Why does the MLB Draft happen when games are happening?

By admin — In News — July 10, 2026

   ​Seriously, does anyone else find this setup odd? When the Draft was moved to align with the All-Star Break, it seemed obvious to schedule the draft during the Break itself. Yet this weekend, the Draft will begin while teams are still finishing their final regular-season games heading into the break. It feels strange, almost like cannibalizing its own viewership. It’s probably consistent with MLB’s broader distrust of the regular season, and the assumption that local fans won’t revolt just because a few games overlap with a big event—but it still feels suboptimal.
Consider the schedule: Day 1 runs from 1:00 p.m. to 7:45 p.m. ET on Saturday, and Day 2 runs from 11:30 a.m. to 7:30 p.m. ET on Sunday. You could have teams play day games earlier and push the Draft into the night, or, even more plainly, shift the whole event to Monday and Tuesday. I get that MLB might want the Draft to resemble a spectacle like drafts in other sports, but really: Day 1 will feature 135 picks over nearly seven hours, which comes out to roughly 20 picks per hour.
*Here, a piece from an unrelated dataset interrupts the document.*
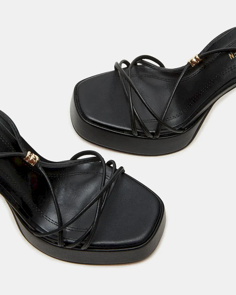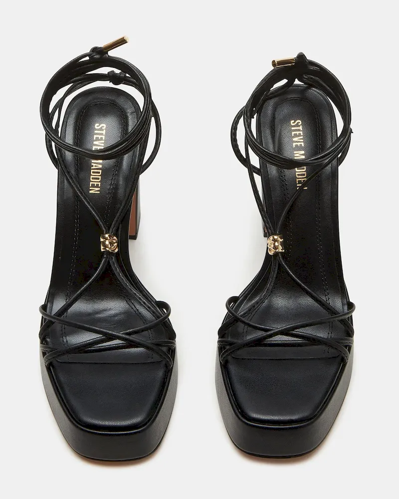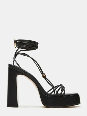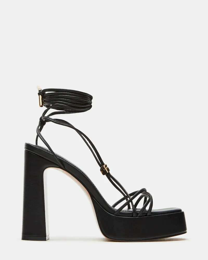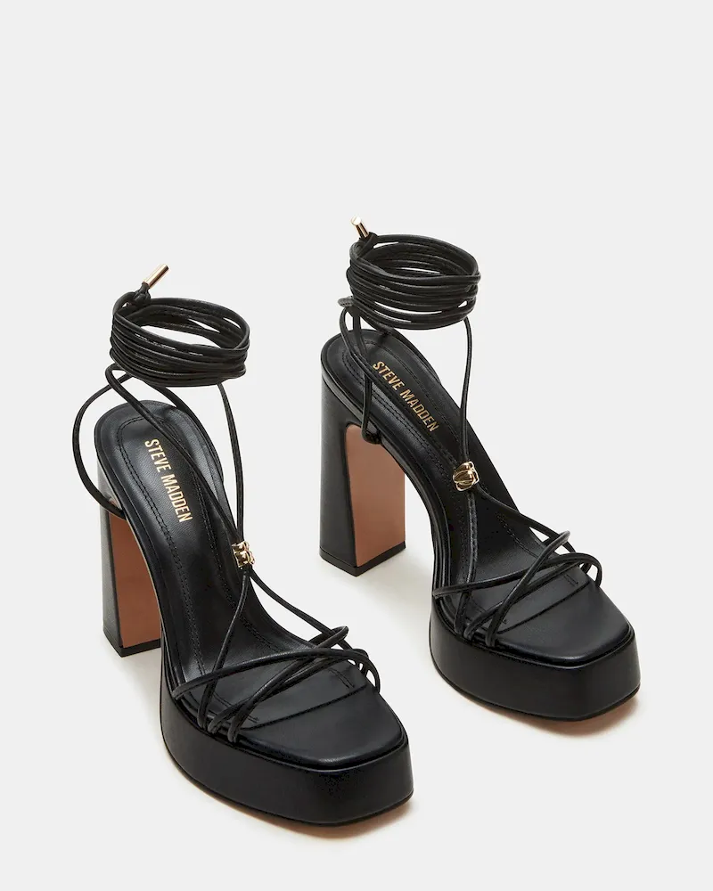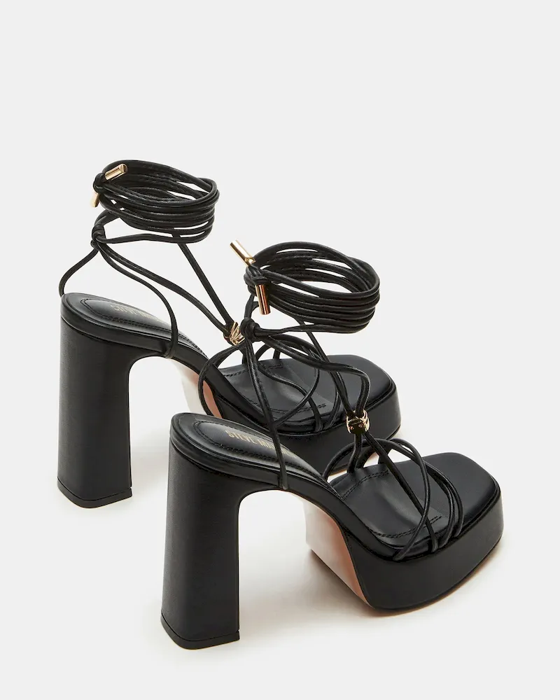 Step into style with the elegant MOULIN. The strappy platform lace-up heel and open-toe design create a luxurious look, while the sturdy block heel provides comfort and stability. Experience fashion and function in one stunning shoe.

That translates to one pick every three minutes—a pace of play that feels prohibitively slow for live television. And with the draft spanning four rounds and teams free to pursue underslot deals, the format dampens broad audience interest.
If the goal is to hype the top picks, you could start the Saturday games earlier, move Round 1 to weekend primetime, and let the rest run late into the night. Day 2 moves more quickly, but it’s still not highly watchable in real time, so you could even place Day 1 on Sunday when all games are finished before primetime, burning off Day 2 when there are no games to follow live.
Ultimately, this may not matter in the grand scheme, but it is undeniably odd. It feels like MLB is still trying to make the All-Star Game a thing in 2026, which tracks with the broader sentiment. For better SEO impact, we should emphasize the misalignment between the Draft’s timing and peak viewership opportunities, and propose concrete, viewer-friendly scheduling tweaks that preserve the Draft’s spectacle while maximizing engagement. The goal is a more streamlined pace, clearer primetime slots, and a Draft that doesn’t feel at odds with the regular season’s rhythm.